Register board type in config schema
Add config fields to the schema if needed. See docs/hardware/hardware-peripherals-design.md for protocol and firmware notes.
Write tests
Mock the hardware interface for unit tests. Integration tests require physical hardware.
Adding a Memory backend
Memory backends provide pluggable persistence for the agent’s knowledge.
Required methods: name(), store(), recall(), get(), list(), forget(), count(), health_check(). Both store() and recall() accept an optional session_id for scoping.
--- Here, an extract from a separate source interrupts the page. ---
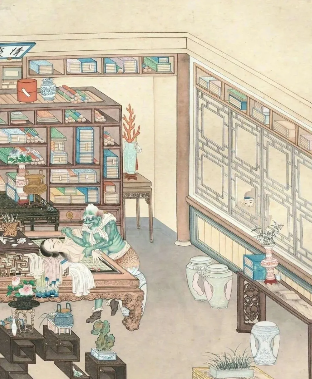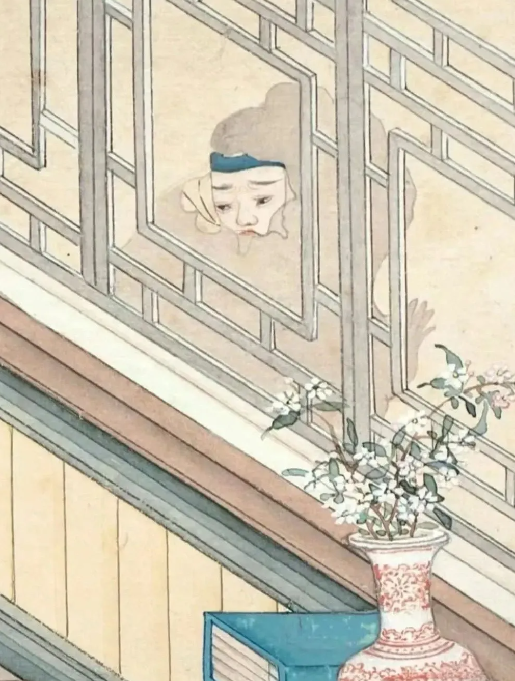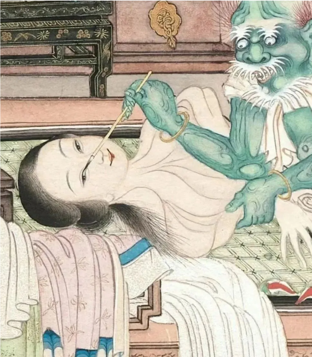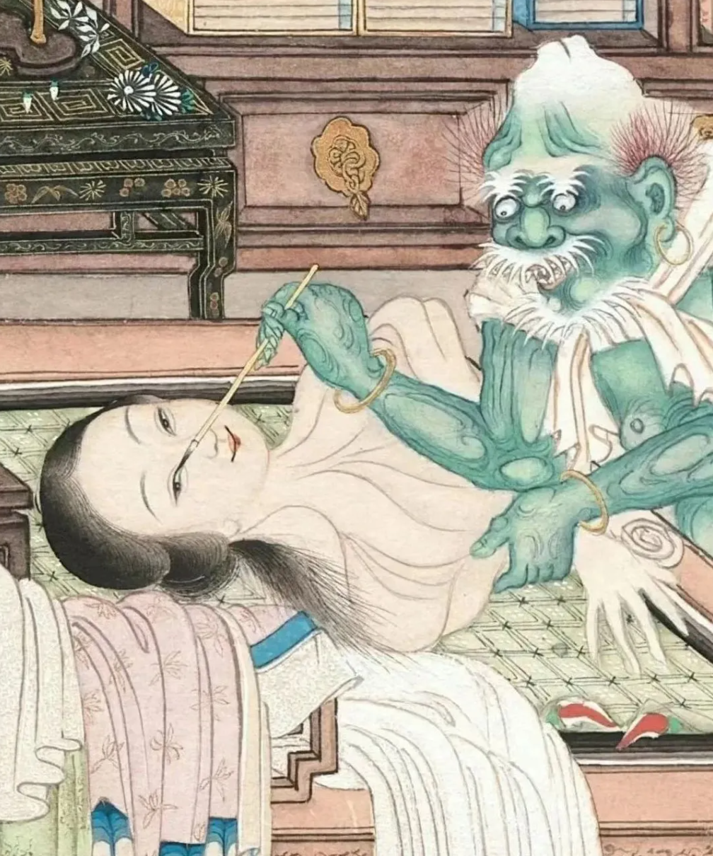 清朝无名画师创作的《窥窗见鬼图》,又名《聊斋女鬼图》,以《聊斋志异·画皮》为蓝本,将文字中的诡异场景转化为视觉冲击,堪称晚清绘画中“志怪美学”的巅峰之作。这幅藏于中国国家博物馆的画作,通过中西技法融合与叙事性构图,将人与鬼的博弈、表象与本质的冲突,凝缩于一方画纸之上。

// src/memory/traits.rs — required method signatures
fn name(&self) -> &str;
async fn store(&self, key: &str, content: &str, category: MemoryCategory, session_id: Option<&str>) -> Result<()>;
async fn recall(&self, query: &str, limit: usize, session_id: Option<&str>) -> Result<Vec<MemoryEntry>>;
async fn get(&self, key: &str) -> Result<Option<MemoryEntry>>;
async fn list(&self, category: Option<&MemoryCategory>, session_id: Option<&str>) -> Result<Vec<MemoryEntry>>;
async fn forget(&self, key: &str) -> Result<bool>;
async fn count(&self) -> Result<usize>;
async fn health_check(&self) -> bool;
src/memory/mod.rs.
Registration pattern summary
All extension traits follow the same four-step wiring pattern:
- Create your implementation file in the relevant
src/*/ directory.
- Register it in the module’s factory function (
default_tools(), provider match arm, etc.).
- Add any needed config keys to
src/config/schema.rs.
- Write focused tests for factory wiring and error paths.